Shiga toxin induces a wide variety of effects that are
directly related to the toxin but also result from the host
inflammatory response to the toxin and toxin-induced injury.
The direct toxic effect results primarily from an inhibition of
protein synthesis.3 Stx subunit A undergoes partial proteolysis and disulfide bond reduction in kidney cells. These
processes generate an enzyme (N-glycosidase) that cleaves
an adenine from 28S ribosomal RNA and inhibits the elongation of peptide chains. In so doing, protein synthesis is
disrupted and cell death ensues. Stx also has been shown to
induce apoptosis in endothelial cells and in renal tubular and
intestinal epithelial cells, both in vitro and in vivo.3,23,24 In
addition, Stx has been shown to up-regulate a number of
transcription factors in human vascular endothelial cells that
belong to the tumor necrosis factor (TNF)-stress-related
signaling pathway and the NFκB pathway.3 These transcription factors have important roles in apoptosis and in immune
regulation, cell proliferation, and the regulation of proinflammatory cytokines.

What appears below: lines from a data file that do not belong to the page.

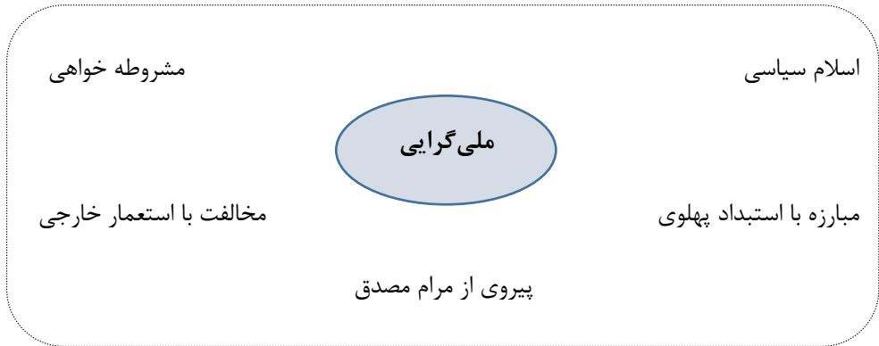
شکل ۲- نمایش دال مرکزی و دال‌های شناور خرده‌گفتمان اسلام ملی‌گرا

را به مثابه فروش موقعیت سوق‌الجیشی ایران به امپریالیسم تلقی نموده و همچنین طرح انقلاب سفید را طرحی تحمیلی از خارج و قدرت‌های بیگانه می‌دانست. (نهضت آزادی ایران، ۱۳۶۱: ۲۲۱). بنابراین ملی‌گرایی، نشانه محوری خرده‌گفتمان اسلام ملی‌گرا بود و نشانه‌های دیگر به عنوان دال‌های شناور آن به شمار می‌روند.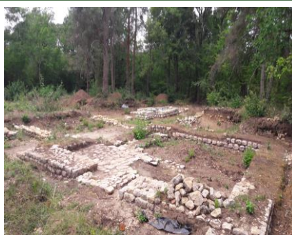
Site Gallo-Romain : Reprise des fouilles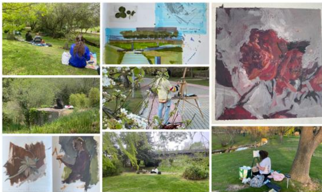
Figura 7. Ubicación 3. Sesiones de Pintura de Paisaje realizadas en el Real Jardín Botánico Alfonso XIII, UCM. Fuente: Original de la autora

Estas tres ubicaciones han sido utilizadas como talleres al aire libre, entendiendo la esencialidad de conocer, observar, analizar y disfrutar directamente de la Naturaleza tanto para la práctica de la pintura de paisaje como para la adquisición de conciencia y competencias ecológicas y medioambientales.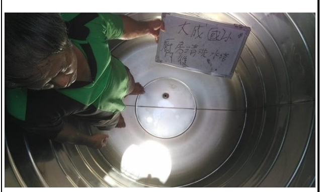
▲照片說明：廚房水塔清洗紀錄 107.07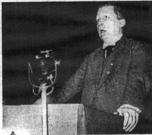
Hauer (oben) und Reventlow (unten) auf der Sportpalastkundgebung. Aus: Durchbruch 19, 1935.

Jakob Wilhelm Hauer et Ernst Reventlow au Palais des Sports de Berlin (1935)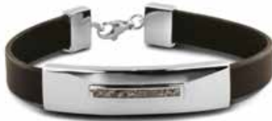
BG 009 Silver / Leather 13 mm €249 / $345 / £249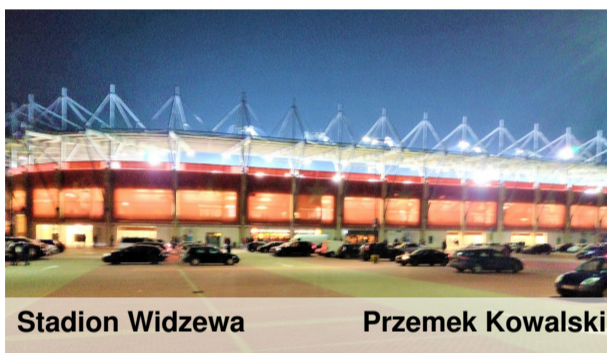
Stadion Widzewa Przemek Kowalski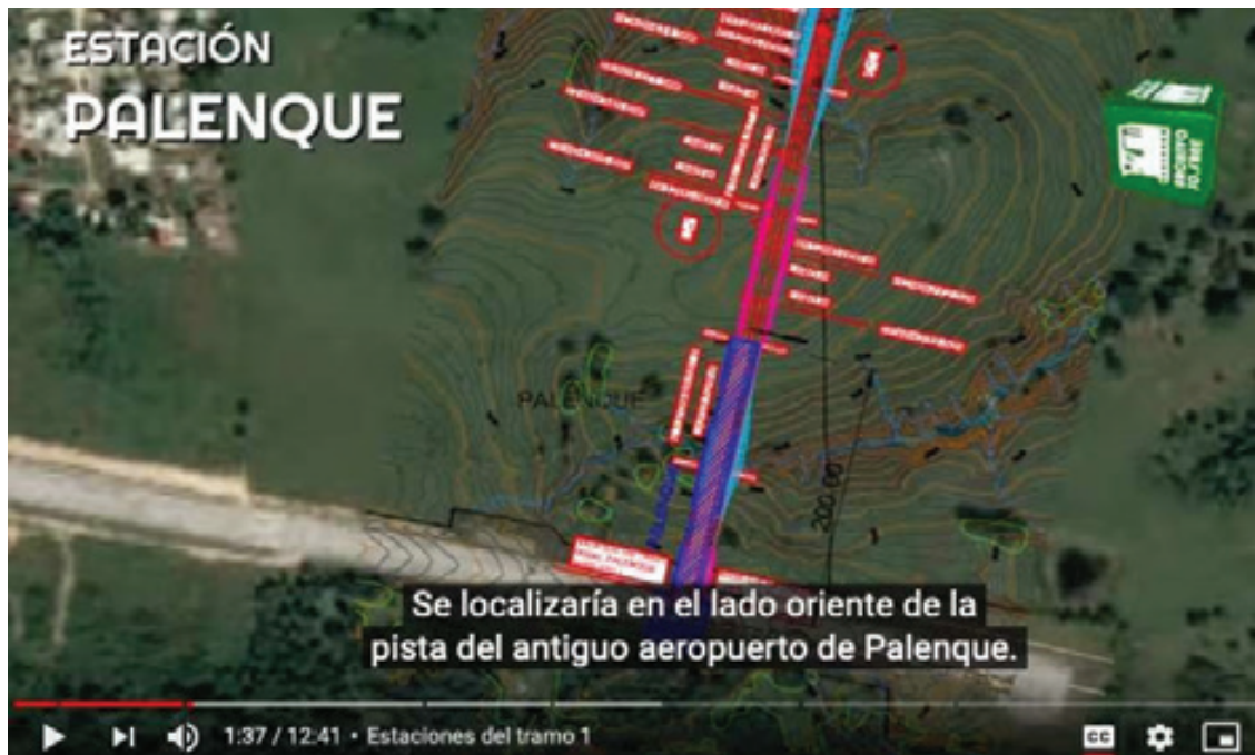
Mapa 2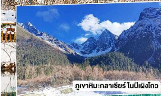
ภูเขาหิมะกลางเซียร์ ในปีเฉิงโกว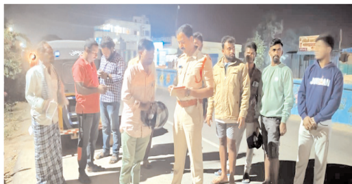
ద్వీపక్ర వాహనదారుడి వివరాలను సేకరిస్తున్న పోలీస్ అధికారి

Recent evidence strongly suggests that Shiga toxin
works in concert with other agents to induce HUS and upregulates the expression of additional factors that might have
important roles in HUS pathogenesis.3 For example, animal
models (mouse, rabbit, baboon) indicate that LPS might be
involved in the pathogenesis of HUS.25 In baboons, the
previous administration of LPS can prime animals to develop
severe HUS following the administration of otherwise
subtoxic doses of Shiga toxin.26 Similarly, pretreatment of
rabbits and mice with Stx enhanced the lethal effects of
LPS.25 This same synergistic effect also has been demonstrated in vitro using human vascular endothelial cells.27 In
humans, however, the pathophysiologic role of LPS and
HUS is less clear, because endotoxemia has not been demonstrated in patients with E coli–associated HUS.3 However,
there is at least indirect evidence that LPS enters the human
circulation and participates in HUS pathogenesis, because
antibodies to LPS can be demonstrated in up to 90% of
patients with Stx-mediated HUS.28
Regardless of the role of LPS in HUS, it is becoming
clear that a variety of proinflammatory and procoagulant
mediators might be important causes of tissue injury in HUS.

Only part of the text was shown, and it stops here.